Другое направление, или другая сторона поиска закономерностей в дикой природе состояла в установлении подобия между стихийными природными явлениями и отношениями в человеческих сообществах. Выдающийся французский учёный Леви-Брюль на основе анализа этнографических материалов и изучения этой второй стороны первобытной познавательной активности сделал вывод о «дологическом» характере мышления людей, живущих в условиях палеолита. На такой вывод исследователя натолкнула крайняя фантастичность мышления этих людей, наличие в нём множества предрассудков, нелепых верований и установок. Вывод этот, однако, не выдерживает критики. К выработке первичных религиозных представлений людей подготовила не дологичность их мышления, не отсутствие в нём логики вследствие неразвитости мозга или недостаточной способности к правильным выводам, а наличие ряда объективных обстоятельств, постоянно сопутствующих их жизни и оказывавших жёсткое давление на их мышление. Люди постоянно оказывались в ситуациях, когда успех их деятельности зависел не от прилагаемых ими усилий, а от действия внешних стихийных сил природы, источников которых они не знали, но от которой полностью зависели.

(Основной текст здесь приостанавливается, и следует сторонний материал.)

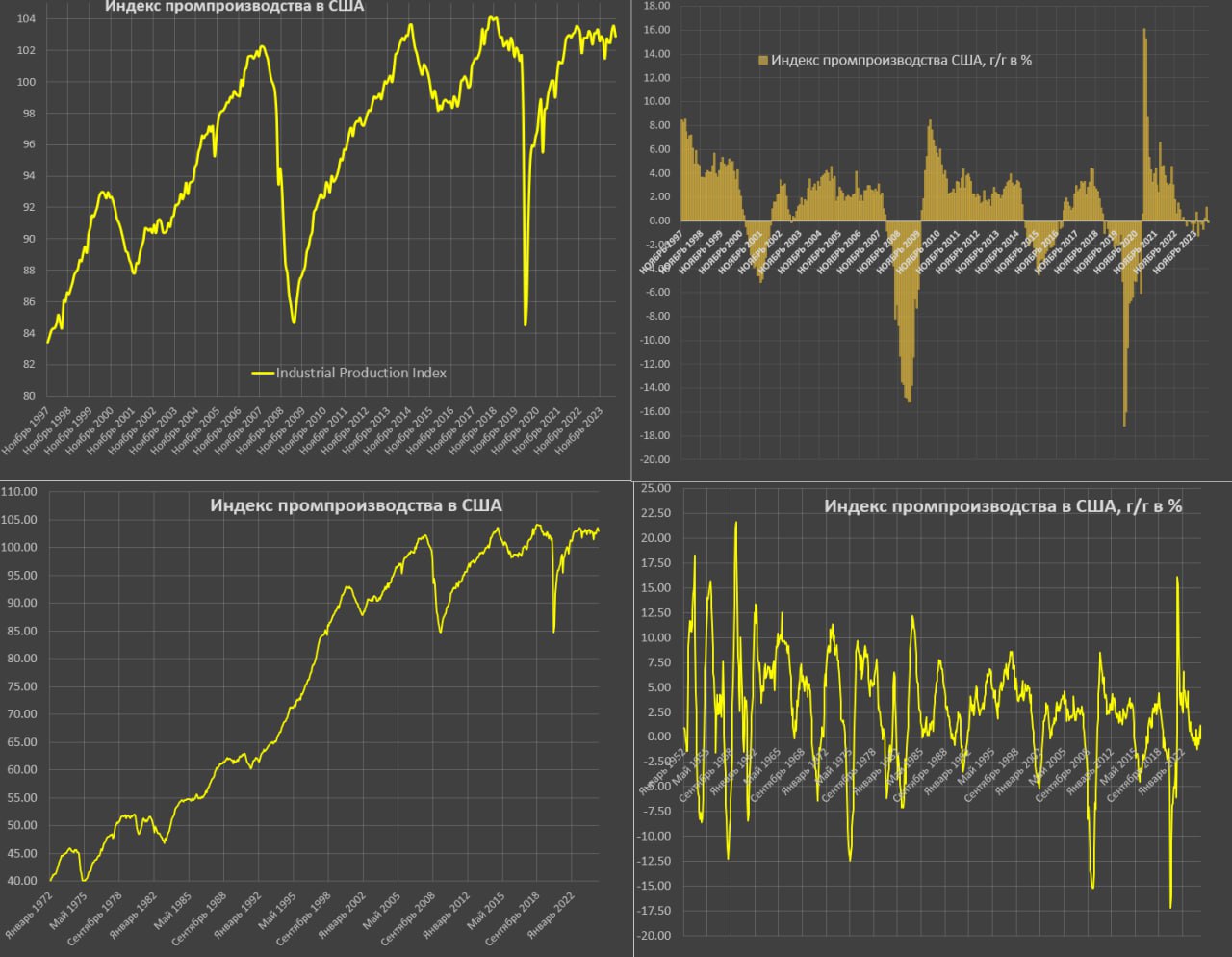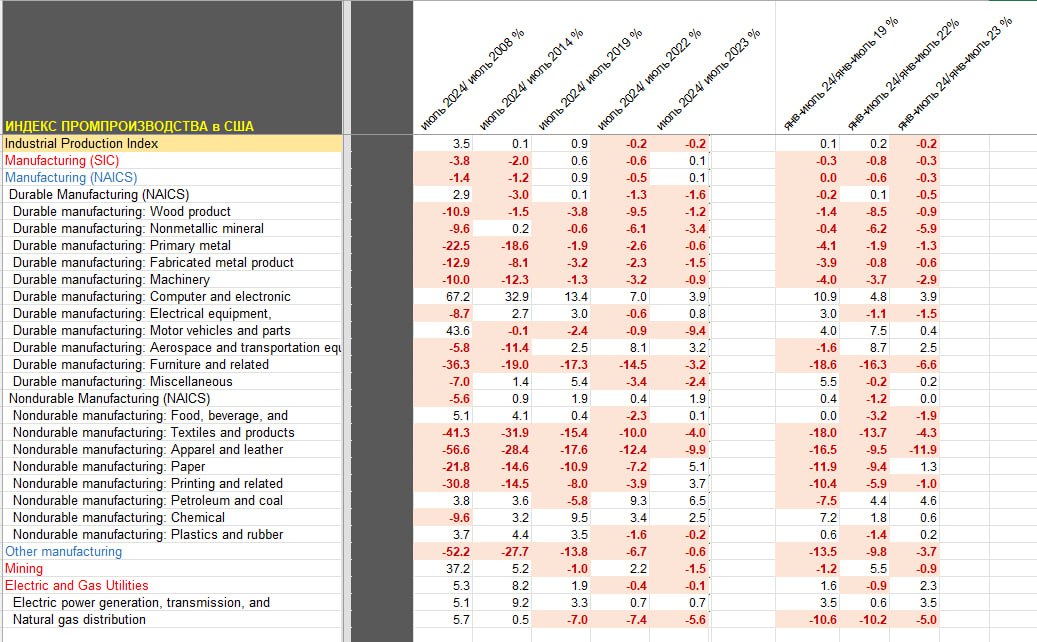 Промышленное производство США в июле снизилось на 0.64% м/м, а июньские данные пересмотрели в худшую сторону на 0.43%, т.е. минус процент от июньской базы, это слабые данные, нивелирующие весь прогресс, достигнутый весной 2024.

Вполне логично было предположить, что вся природа, все эти звери, ветры, дожди, грозы, холода, реки, холмы, деревья, солнце, луна, звёзды и другие чувственно воспринимаемые формы в своих намерениях направляются силами, похожими на человеческие, и на эти силы можно влиять при помощи определённых человеческих действий. Антропоморфизм в мировоззрении первобытных людей был, таким образом, не нарушением работы разума, а закономерным результатом ситуаций познания и практического взаимодействия людей с окружающей природой. Естественный человеческий способ восприятия позволял людям получать конкретные знания, осваивать окружающий мир и ориентироваться в нём, получая в результате конкретных усилий конкретную охотничью добычу, но находясь при этом в состоянии перманентной войны со всем животным миром. В рамках этого способа восприятия люди могли вполне чётко отделить людей от животных, живое от неживого, одушевлённое от неодушевлённого.

В этом отношении у них не было никаких иллюзий. Но ужасающая неопределённость причин, по которым происходят изменения, наличие огромного числа случайностей, которые так портят человеческую жизнь, беззащитность человека перед могучими силами природы побуждала их выработать своеобразный искусственный способ восприятия и представления явлений, явившийся прямым следствием принципиальной невоспринимаемости этих причин. В основе этого искусственного способа восприятия, на десятки тысяч лет опередившего создание искусственных способов восприятия в науке XX века, лежал всеохватный антропоморфизм. Этот антропоморфизм был также отчасти следствием давления культуры и языковых структур, обозначающих объекты и их действия и обусловливающих познание природы и мировоззрение первобытного человека. Культура носила синкретический характер, сплавляя в нерасчленённом, нерасторжимом единстве зачатки философского и религиозного мировоззрения, пранаучного познания, изобразительного, музыкального и танцевального искусства. Такая культура не могла не быть антропоморфной, переносящей отношения в человеческих сообществах на весь объективный мир. Религиоведы выделают множество онтологических, гносеологических, психологических, практических и прочих причин возникновения религии, религиогенеза. Однако вне их поля зрения остаётся одна из ведущих гносеологических причин – антропоморфный способ восприятия и представления (истолкования) явлений, способ мобилизации сознания на познание принципиально невоспринимаемого. Этот тип познания, несмотря на его иллюзорность и фантастичность (что коренным образом отличает его от современных научных ИСВ) имел колоссальное практическое значение для людей первобытных сообществ. Вера в несуществующие связи явлений, основанная на псевдознании и принимавшаяся за абсолютное знание, очеловечивала Космос и становилась мировоззренческим стержнем развития культуры. На природу распространялся тот реципрокный альтруизм, который действовал очень давно в человеческих и даже предчеловеческих сообществах в виде обмена разнообразными услугами.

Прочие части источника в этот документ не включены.